Meselemiz Ne?
Yaşam akıp giderken neresindeyiz zamanın? Kötülük hızla yayılırken iyiliğe ne kadar sahip çıkabiliyoruz, insan kalabilmek için iyi kalabilmeyi başarabiliyor muyuz zaman hengâmesi içerisinde dönüp dururken?
Peki ya Kıbrıs’ın neresindeyiz? Kimiz, neyiz, neciyiz… Kıbrıs içerisinde yaşamaya çalışırken dünya ile bağ kurabiliyor muyuz yoksa biz de kişisel olarak kendimizi dışlıyor muyuz tıpkı toplumun çoğu zaman dışlandığı gibi -Kıbrıs’ın bir yarısında kalmış tanınmayan toplumun-
Aldığımız ve almakta olduğumuz çeşitli yaralarla devam etmeye çalışırken o yaralara dönüp bakıyor muyuz? Bakma fırsatımız oluyor mu ne haldeler diye? Özellikle savaşlarla birlikte alınan yaralar ve bu yaraların bir miras gibi kuşaktan kuşağa aktarılması yüzünden oluşan ruhani yaralar için ne yapıyoruz? Onları tedavi etme çabamız var mı, tedavi etmeye zamanımız var mı yoksa hayat kargaşası buna izin vermiyor mu? Sürekli bir yere yetişme gailesindeyiz; kendimiz dışında her yere ve herkese yetişmeye çabalarken hem kendimize hem de aldığımız yaralara, ne haldeler diye, dikkat etmiyoruz. Üzerine alelacele koyduğumuz yara bandını unutuyoruz, sardığımız bir bez ise o bezi unutuyoruz, kangren olmuşsa kangren olduğunu fark etmiyoruz, bilmeden kesip atıyoruz duygularımızı sırf bu yüzden. Robotlaşan bedenimizin de yaralarımızın da farkına varamıyoruz ta ki en sonuna gelelim çözümsüzlüğün. Çözümsüzlüğün çözüm olduğu söylenen bir adada, ruhumuza aldığımız türlü yaralarla meselelerimizle uğraşıp duruyoruz yaşam çizgisinin ortasında. Ne ileriye ne geriye adım atabiliyoruz. Adım atabilmek için desteğe ihtiyacımız var çünkü bizim bir sesimiz, bir rengimiz, bir duruşumuz mutlaka var. O desteği fark edebilmekte tüm mesele.
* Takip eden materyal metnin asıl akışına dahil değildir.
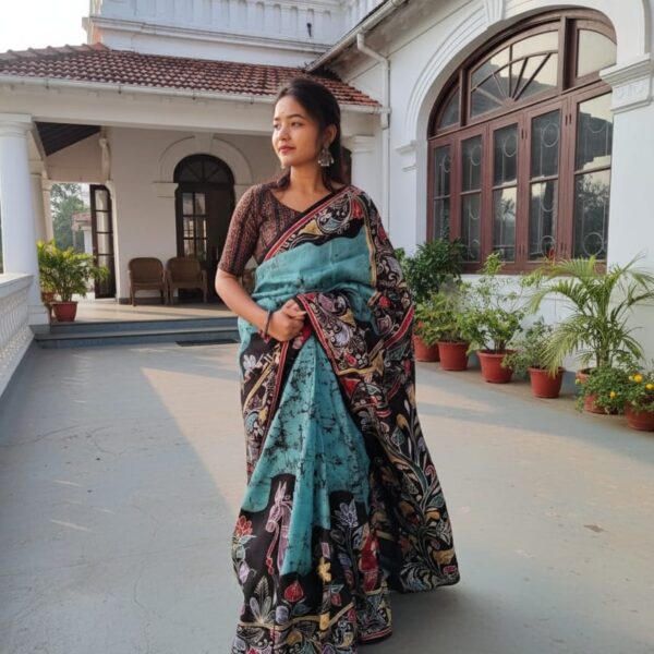 Grace yourself with this stunning Bangalore Silk Saree in a soft beige shade, beautifully adorned with turquoise blue woven motifs. A perfect blend of elegance and tradition, ideal for weddings, festivals, and special occasions.Shop this elegant Bangalore Silk Saree in beige with turquoise blue woven motifs. Perfect for weddings, festivals, and special occasions. Lightweight, traditional & timeless – a must-have for your ethnic collection.

Günün getirdiği sıkıntılarla mücadele etmeye çabalarken toplumu bazen göremiyor olmamız normal. Özellikle bu yıllarda adamızda hızla değişen toplum yapısı, yapılara fazla gelen insan sayısı, yetersiz kalan alanlara inat fazla fazla getirtilen araçlara bakınca hangi toplumu neresinden tutacağımızı, kimin hangi sorununa yoğunlaşacağımızı şaşırıyoruz. Kontrolü kaybettiğimiz bir sistemde kişisel olarak ayakta durmaya çalışmaktan toplum olarak hareket edemiyoruz. Çoğu zaman da buna sebep olan şey kişisel hırslarımız. Bunu aşmayı başarabildiğimiz zaman daha iyi şartlar yaratarak daha iyi yaşam alanları oluşturacağımıza inatla inanmak istiyoruz ve bunu umut ediyoruz. Aslında bu yüzden toplum adına bir şeyler yapma çabamız devam ediyor, umutlarımız devam ediyor. Bu yüzden bırakmıyoruz. Neyi neresinden tutup düzeltmeye çalışırsak kârdır diyoruz. Çünkü insan olmak bunu gerektirir.
Paylaşmak istediğimiz sıkıntıları korkmadan utanmadan paylaşmaya başlayacağımız zaman, paylaşacağımız sıkıntılar için çözümler üretileceği zaman, biz kendimiz dışındaki kişilerin sıkıntılarına çözümler bulduğumuz zaman iyileşme sürecine girmiş olacağız. İyileştikçe iyileştirecek, iyileştirdikçe de mutlu olacağız. İnsani duyguları kaybetmemek için iyiye iyiliğe insana sımsıkı sarılacağız. En dibe vurduğumuz zamanlarda bile pes etmek yerine devam etmeyi seçme nedenimiz budur. Tüm meselemiz insana dokunabilmek, topluma ulaşabilmektir. Bunu başardıkça insan kalmaya devam edeceğiz; el ele, kol kola, sımsıkı.